Mientras esperan su turno para entrar en la vivienda, riñe a algunos de los menores que pasan por allí. Su tono se parece al de una madre, esconde más preocupación que ira: “¡Pero si a ti te llevé ayer a la nave de los menores!, ¿qué haces en la calle otra vez? Que te puede pasar algo...”, le dice a un adolescente que no supera los 15 años.

“De verdad, acabo de hacer unas llamadas y me aseguran que desde ese centro no echan a Marruecos a los menores, es mejor que estar en la calle”, trata de convencer al adolescente. La desconfianza en las instituciones entre los migrantes recién llegados evita que incluso los niños quieran acudir a las dependencias de “acogida” del Estado por temor a una devolución a su país de origen. Prefieren estar en la calle. Sabah no lo entiende, pero no deja de atenderlos.

Preparadas para la segunda hora punta de la jornada, el momento de la cena, Sabah y sus amigas descansan en el comedor y comentan el día alrededor de unas tazas de café y unos pasteles. De vez en cuando, la mujer se levanta para atender a las vecinas y vecinos que entran en la vivienda para entregar más donaciones o, simplemente, para darle las gracias. “Te admiro mucho”, le dice una señora que pasa por la puerta de la vivienda. La mira con devoción. Tampoco le faltan las críticas: “Algunos se quejan, pero a mí me da igual. Es mi dinero, es mi casa y hago lo que quiero”.
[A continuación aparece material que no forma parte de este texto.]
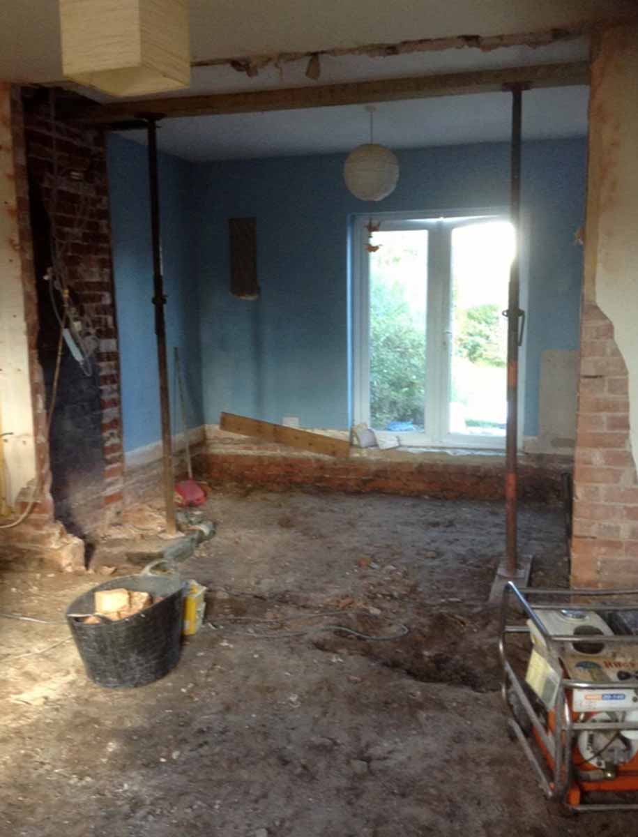 Before: Sub-base followed above by 100mm concrete ground bearing slab (uninsulated), quarry tiles.

Aunque su labor llega a un mayor número de jóvenes marroquíes recién llegados que en el caso de otras iniciativas vecinales, Sabah no es la única ceutí que durante la crisis humanitaria de Ceuta se está volcando para echar una mano.

Durante las últimas semanas, en los alrededores de la frontera del Tarajal y de la barriada de El Príncipe, hombres y mujeres anónimos han recorrido las calles ceutíes con vehículos repletos de bocadillos, galletas o bricks de leche. Algunos han hecho batidas en busca de migrantes durmiendo al raso para ofrecerles comidas o mantas o han dejado cajas de alimentos en el paso fronterizo, por si alguno de los arrepentidos intenta volver a Marruecos y tiene el estómago vacío. Otros han abierto sus casas y aún acogen a jóvenes o niños, atemorizados de salir por miedo a ser devueltos a su país.

“¿Has visto cómo ha respondido el pueblo de Ceuta? Se ha volcado”, dice a elDiario.es un guardia civil fronterizo, después de conversar un rato con un grupo de vecinas solidarias en plena noche.

Ya de madrugada, ni Sabah ni sus amigas han vuelto a sus casas. Pasada la medianoche sigue apareciendo gente en busca de ayuda, y ellas se resisten a abandonar el que se ha convertido en un refugio para muchos. Antes de echar la llave hasta la mañana siguiente, ya agotadas, colocan la ropa que permitirá cambiarse a cientos de jóvenes a la mañana siguiente. La vivienda no se queda vacía. En su patio y en la azotea pasarán la noche algunos de quienes más tiempo comparten con ellas, esos que aparecen de vez en cuando por la casa, aterrados, tras una de tantas redadas policiales de las que los jóvenes marroquíes no paran de huir durante la última semana.